Cet album est un compte à rebours absolu vers l’indicible, un disque qui vous plonge dans un hors-temps angoissant et vertigineux pour regagner l’autre monde. ABIGOR a poussé l’expérience de l’expérimental et de la déconstruction à son paroxysme, avec comme seul dessein de ne laisser aucune prise possible au cerveau pour s’accrocher à un quelconque riff ou passage. En cherchant constamment une structure, ABIGOR s’amuse à la lui retirer avec un dédain complet.

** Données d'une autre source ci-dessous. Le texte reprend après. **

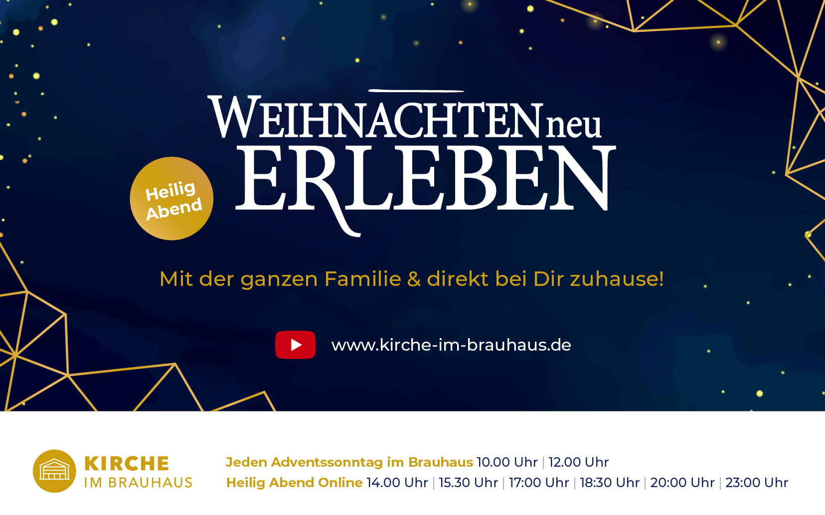 - Wir investieren richtig viel Zeit, Kraft, Kreativität, externe Kompetenz und Geld in einen Online-Weihnachtsgottesdienst, der das „Brauhaus-Feeling“ transportiert und die großartigste Geschichte der Menschheit erzählt. Das ist die Prio 2020. Er wird zu sechs Zeiten auf unserem YouTube Kanal gestreamt.
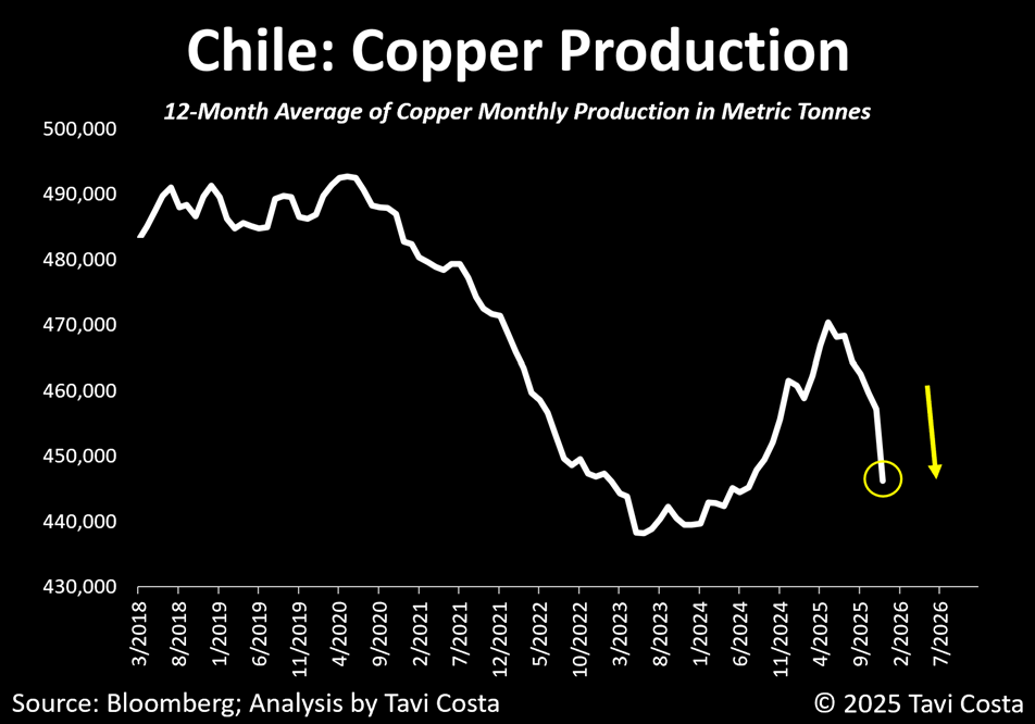- Mange års underinvestering i nye miner og derfor manglende udbud (se graf nedenfor med faldende kobberproduktion i Chile, en af verdens største producenter)

Alors qu’une mélodie apparaît, ABIGOR s’arrange, dans la seconde suivante, pour la faire disparaître définitivement. La batterie, par exemple, dominée par le grand T.T. (de retour depuis "Fractal Possession"), change de logique interne sans prévenir, tout comme les dissonances concassent à loisir chaque ambiance s’installant au niveau des guitares. Les idées apparaissent, se fragmentent, se désagrègent, exactement comme si la composition refusait toute stabilité. La basse, étonnamment mise en avant, rudoie toute micro-mélodie cachée sous les dissonances, tandis que les éructations à l’haleine vénéneuse d’Arthur Rosar prélèvent les restes de vie flottant dans l’air.

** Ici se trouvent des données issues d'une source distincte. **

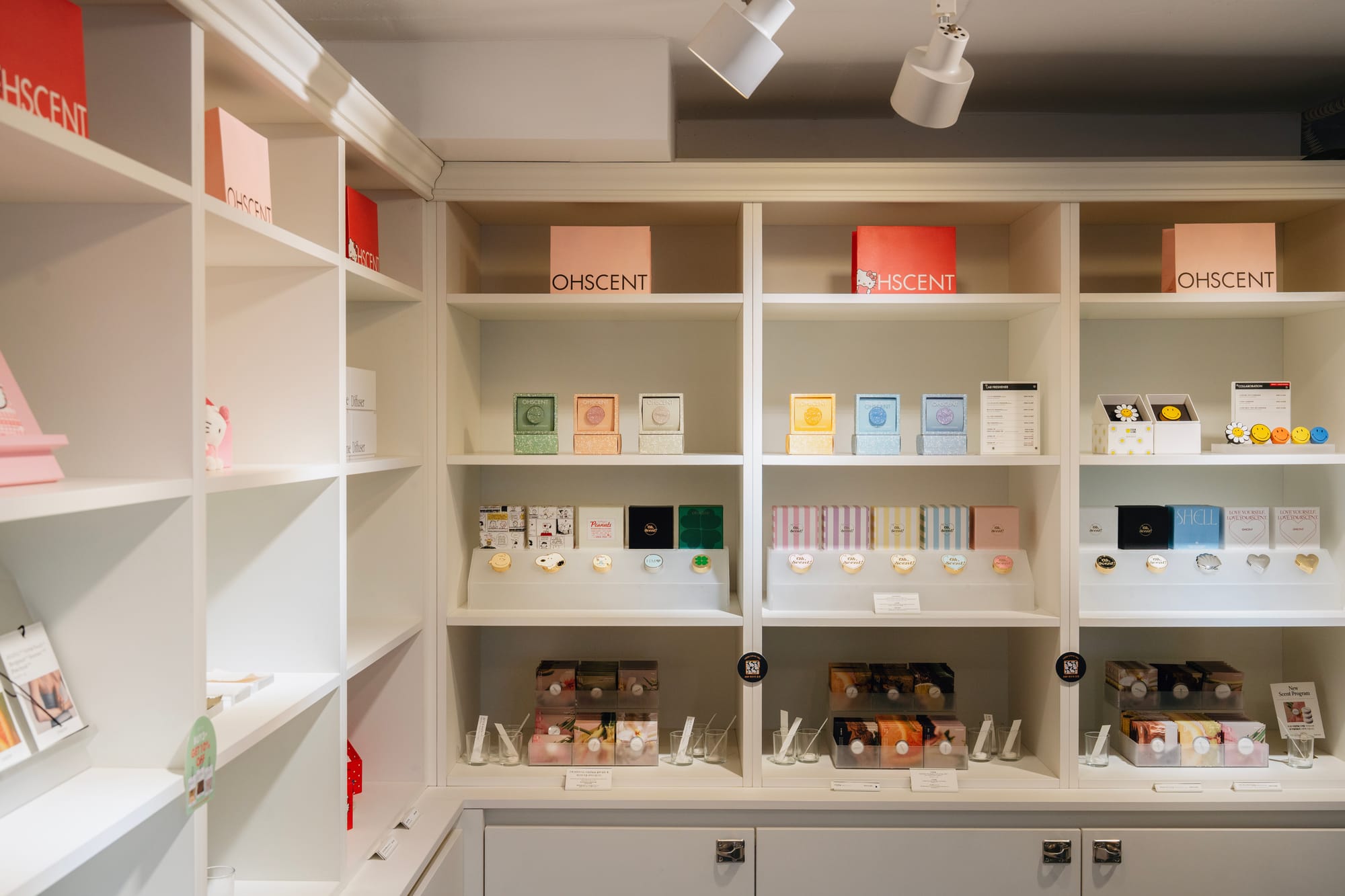 초롱: 오센트는 향만큼이나 디자인에도 꾸준히 공을 들이고 있어요. 매년 4~5종의 새로운 디자인 제품과 협업을 선보이고 있는데, 그 자체로 브랜드의 현재를 보여주는 하나의 언어가 된다고 생각해요. 특히 차량용 방향제는 전면 펜던트를 교체할 수 있는 구조라 브랜드 로고부터 헬로키티, 스마일리 같은 캐릭터까지 그때그때 다른 분위기를 담아낼 수 있어요. 같은 향을 다른 모습으로 느낄 수 있죠.

Ce disque complexe, qui se déstructure continuellement de lui-même, pourrait même faire passer DEATHSPELL OMEGA pour un groupe accessible et lisible. Ces deux longs titres fragmentent la réalité ; leurs architectures sonores sont éprouvantes pour le cerveau. Inaccessible et inapprivoisable, "Time Is The Sulphur In The Veins Of The Saint - An Excursion On Satan's Fragmenting Principle" est une folie pure. À ranger aux côtés de certaines œuvres de DØDHEIMSGARD, DEATHSPELL OMEGA, GORGUTS, BLUT AUS NORD ou bien encore KAYO DOT.